**Task objective:**
Starting with the line that has "- 3 stainless steel steaming tiers" in the records below and ending with the line that has "2022年11月26日、27", output those lines exactly and nothing more; omit the pictures.

**Dataset records:**
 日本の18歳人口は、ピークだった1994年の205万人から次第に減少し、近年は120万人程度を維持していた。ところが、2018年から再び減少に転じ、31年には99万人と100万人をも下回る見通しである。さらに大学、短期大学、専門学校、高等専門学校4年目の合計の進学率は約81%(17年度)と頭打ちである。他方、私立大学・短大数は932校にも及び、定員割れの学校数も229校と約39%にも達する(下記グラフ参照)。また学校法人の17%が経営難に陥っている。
* * *
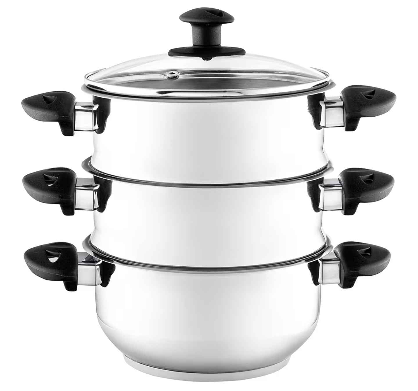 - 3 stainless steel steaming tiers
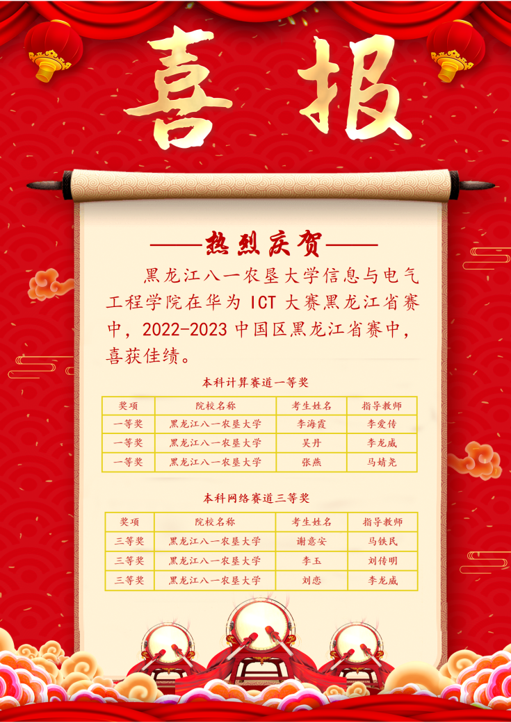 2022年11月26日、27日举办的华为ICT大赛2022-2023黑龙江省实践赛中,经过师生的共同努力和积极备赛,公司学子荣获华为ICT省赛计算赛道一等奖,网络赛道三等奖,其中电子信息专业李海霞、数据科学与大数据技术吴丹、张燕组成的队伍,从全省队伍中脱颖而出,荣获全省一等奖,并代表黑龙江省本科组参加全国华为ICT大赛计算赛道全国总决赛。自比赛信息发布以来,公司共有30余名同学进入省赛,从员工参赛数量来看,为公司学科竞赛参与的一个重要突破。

**Solution for this problem:**
 - 3 stainless steel steaming tiers
 2022年11月26日、27日举办的华为ICT大赛2022-2023黑龙江省实践赛中,经过师生的共同努力和积极备赛,公司学子荣获华为ICT省赛计算赛道一等奖,网络赛道三等奖,其中电子信息专业李海霞、数据科学与大数据技术吴丹、张燕组成的队伍,从全省队伍中脱颖而出,荣获全省一等奖,并代表黑龙江省本科组参加全国华为ICT大赛计算赛道全国总决赛。自比赛信息发布以来,公司共有30余名同学进入省赛,从员工参赛数量来看,为公司学科竞赛参与的一个重要突破。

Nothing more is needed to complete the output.